Up to 30% of serviced apartment, SOHO projects in Selangor must be affordable

Mangalesri Chandrasekaran5 Sept 2016

 

The Selangor Housing and Property Board (LPHS) has unveiled a new set of guidelines requiring property developers to set aside up to 30 percent of affordable units for their boutique office and serviced apartment projects.

According to executive director Norzaton Aini Mohd Kassim, developers who build small office home offices (SOHO), small office versatile offices (SOVO), small office flexible offices (SOFO) and serviced apartments are required to allocate 10 percent for affordable units for projects with 500 units and below, 15 percent for those with 501 to 1,000 units and 20 percent for those with over 1,000 units.

For transit-oriented development areas, the allocations for SOHO and serviced apartments will be higher at 20 to 30 percent.

Transit-oriented developments are areas with light rail transit, mass rapid transit or bus rapid transit stations within a 400-metre radius.

Effective 1 September, selling prices for affordable SOHO/SOVO/SOFO and serviced apartments are capped at RM230,000 and RM270,000 respectively.

Since these are controlled prices, no discounts will be given to bumiputras acquiring SOHO/SOVO/SOFO and serviced apartments as the prices are already subsidised by property developers through the non-affordable units.

Nonetheless, there will be a difference in furnishings for non-affordable and affordable units, said Norzaton.

The SOHO/SOVO/SOFO and serviced apartments will have a minimum unit size of 450 sq ft and 550 sq ft respectively.

“We don’t care how big or small they are (non-affordable units), but the size of affordable ones must be 450 and 550 square feet,” stated Norzaton.

She noted that the new guidelines are different from the Rumah Selangorku scheme.
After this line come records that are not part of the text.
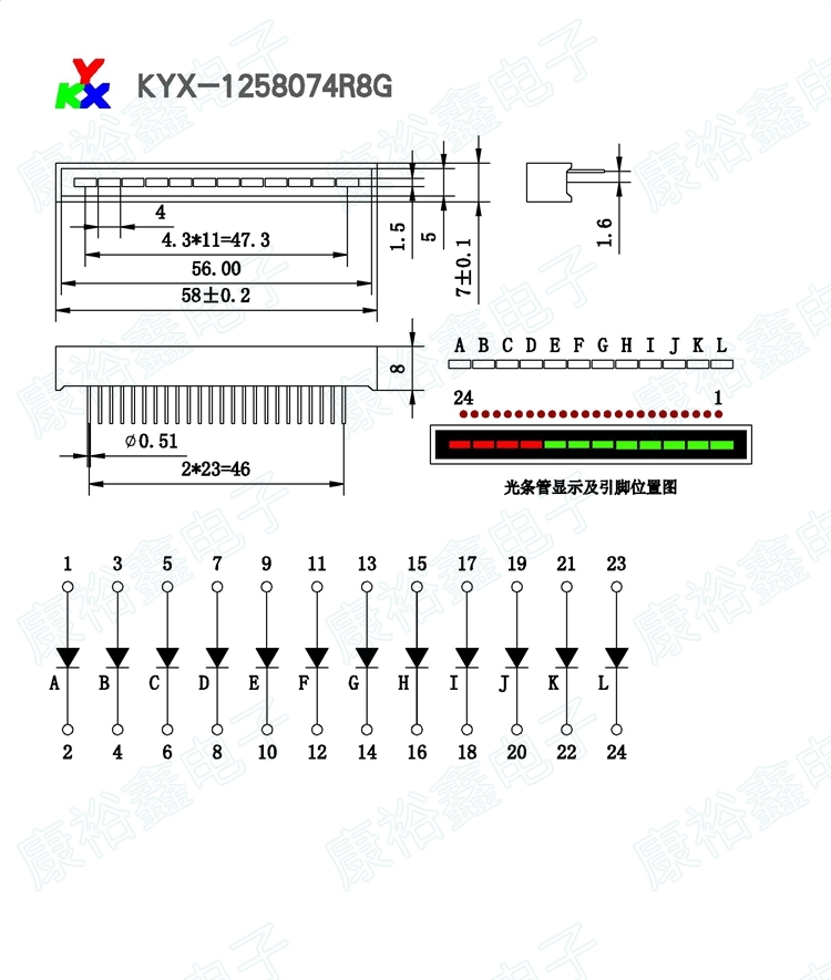 The product is a 12-LED LED bar with two colors: 4 red LEDs and 8 green LEDs. To function properly, each LED needs a voltage drop across it of 1.8 V - 2.2 V and a current of maximum 20 mA, recommended being 15 - 18 mA.
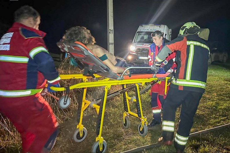 Рятувальниик надають допомогу чоловіку, якого витягнули з осередку пожежі, Харківська область, 4 квітня 2025 року. ДСНС Харківщини
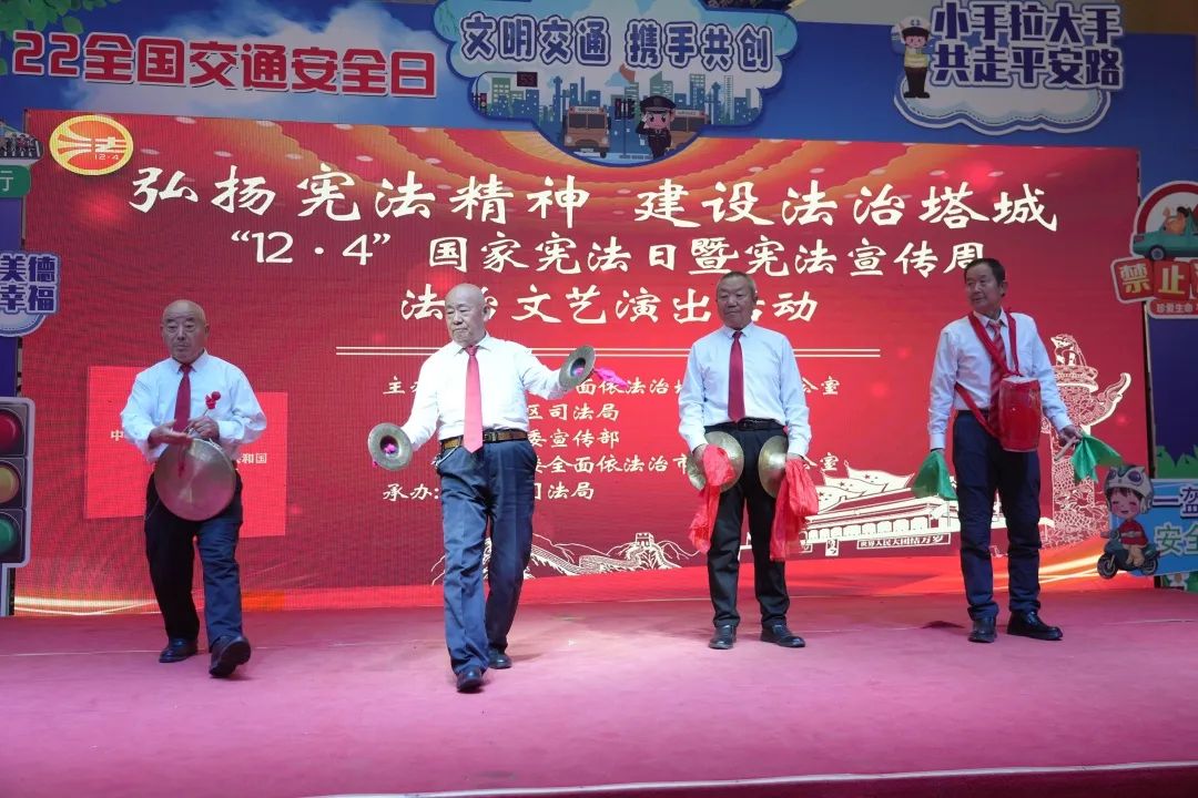 在文艺演出区域,由司法部门、社会组织、群众等组织开展的歌舞表演、宪法诗朗诵、三句半、法律知识有奖知识竞答等优秀法治文艺作品法味浓厚、趣味十足,吸引了现场群众驻足观看,掌声不断。
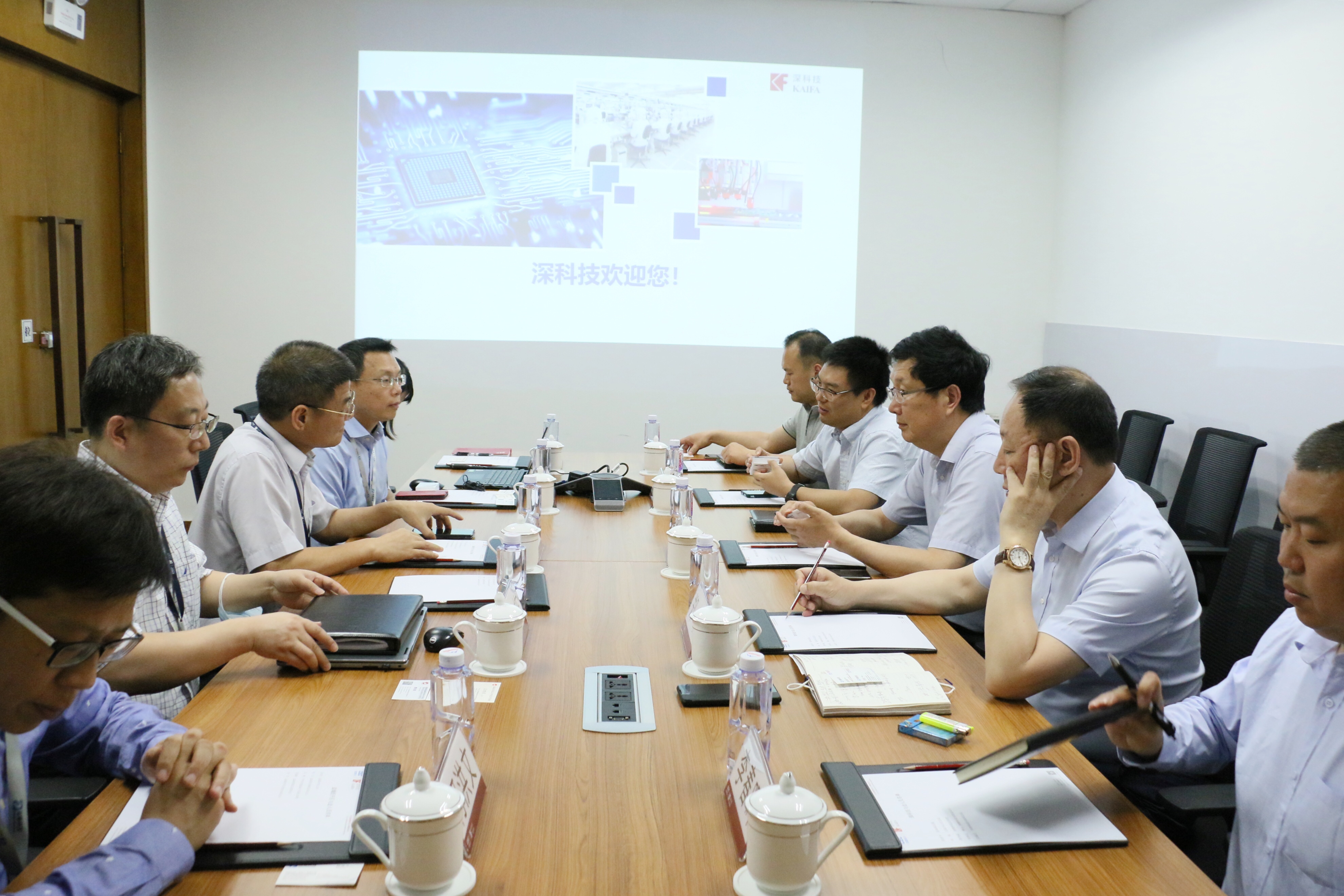 5月8日,江蘇省鹽城經(jīng)濟(jì)技術(shù)開發(fā)區(qū)主任王旭東率隊(duì)訪問深科技,簡要了解深科技的基本發(fā)展與產(chǎn)業(yè)布局情況,深入了解深科技封裝與測試技術(shù)及生產(chǎn)狀況。公司高級副總裁周庚申出席接待。
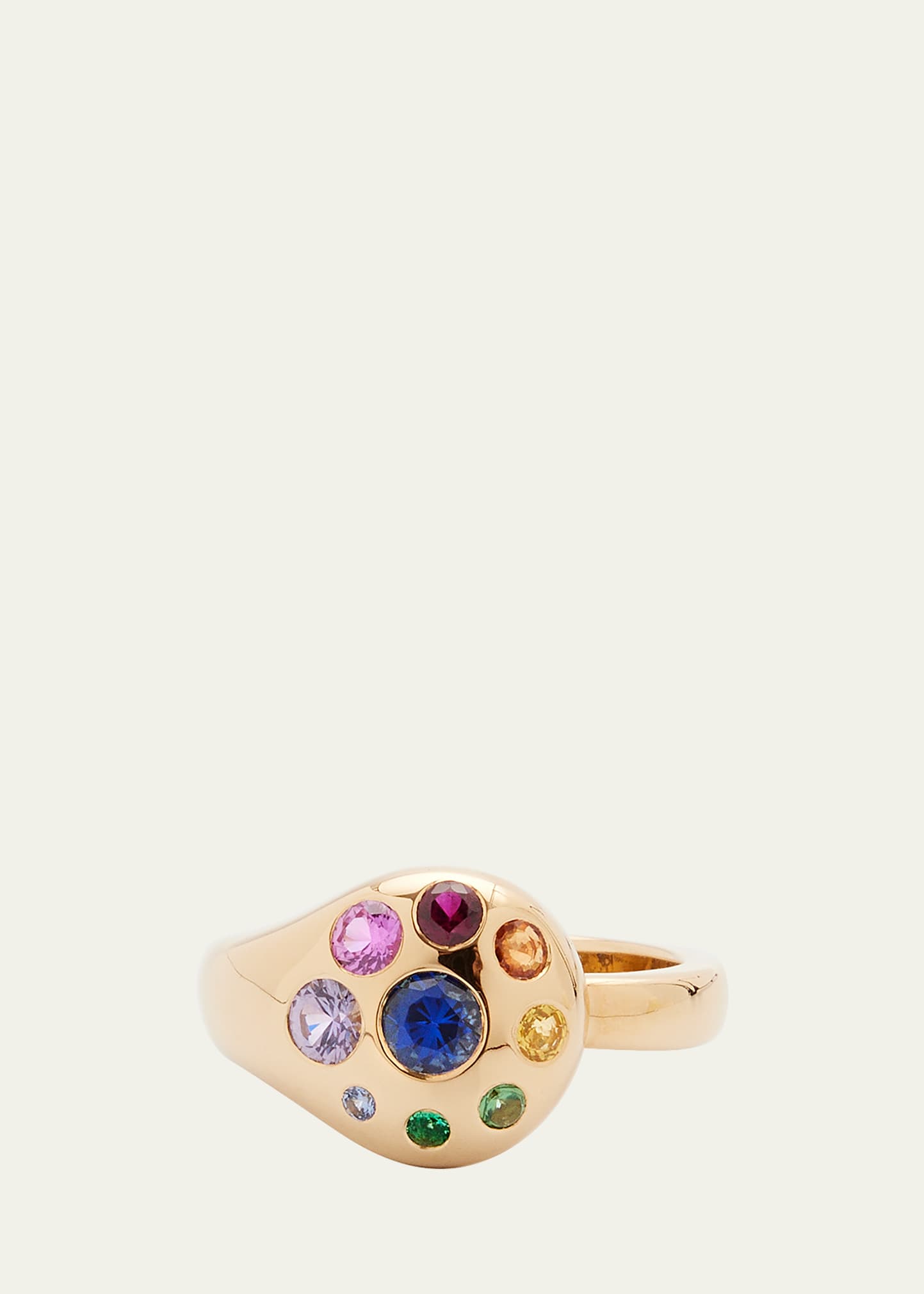 Brent Neale ring 18-karat yellow gold Multihued flush mount emeralds and sapphires Total stone carat weight: 0.97 Made in the USA
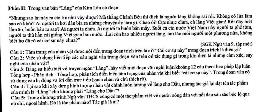 Phần II: Trong văn bản “Làng" của Kim Lân có đoạn:
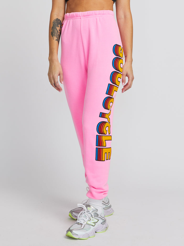 Made to live in. These vintage-inspired sweatpants by Aviator Nation goes through a special break-down process so it has that lived-in softness for the first wear. Hand sewn using single needle stitch work in the heart of Los Angeles. Features "SOULCYCLE" down right leg. Made in L.A.
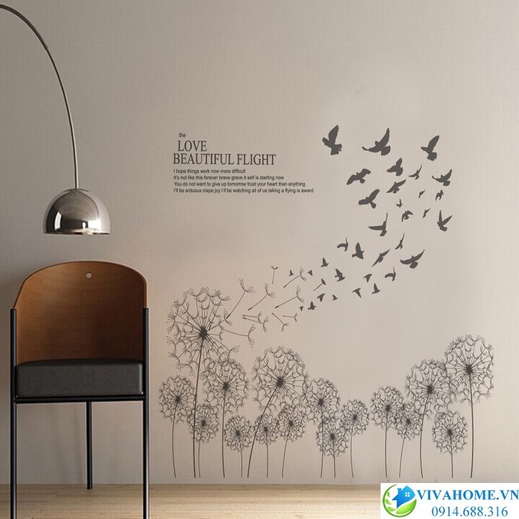 Decal dán tường Bồ công anh trong gió với hình ảnh hoa cỏ thiên nhiên được thiết kế cách điệu mang lại vẻ lãng mạn, tinh tế, gam màu trầm nhưng không hề già nua, trái lại sản phẩm sẽ đem lại vẻ sang trọng và hiện đại cho ngôi nhà của bạn

Those within the RM10,000 household income bracket are eligible under Rumah Selangorku, while the new guidelines caters to those with household income of up to RM15,000. However, both schemes are for first-time home buyers only.

Having affordable units at property projects is not new in Selangor since residential projects have been observing it for years with an allocation of around 30 percent, depending on locality, said Norzaton.

Developers will also have to observe the bumiputra quotas of between 30 and 70 percent, with the local council concerned having the final say on the percentage allocation.

Applications for affordable units will have to be made via LPHS. Developers who refuse to sell affordable commercial boutique/apartments to buyers approved by LPHS will be fined 10 percent of the selling price. They will also pay an additional five percent if they fail to follow the bumiputra quota.

Buyers can sell the units only after five years from taking vacant possession.

Norzaton revealed that the new guidelines follows the discussions by LPHS with the Real Estate and Housing Developers’ Association Malaysia (Rehda) in the last few months.

“They might be a little bit unhappy with the price cap as Rehda had expected RM300,000 for serviced apartments, but at the end they’re still okay,” she said, adding that the new rules will only impact developers’ earnings by around two to three percent.

Rehda Selangor Branch chairman Zulkifly Garib said the new guidelines will affect project planning and bottom lines. “However, we can only advise on the extent once we’ve studied the full set of guidelines,” he said.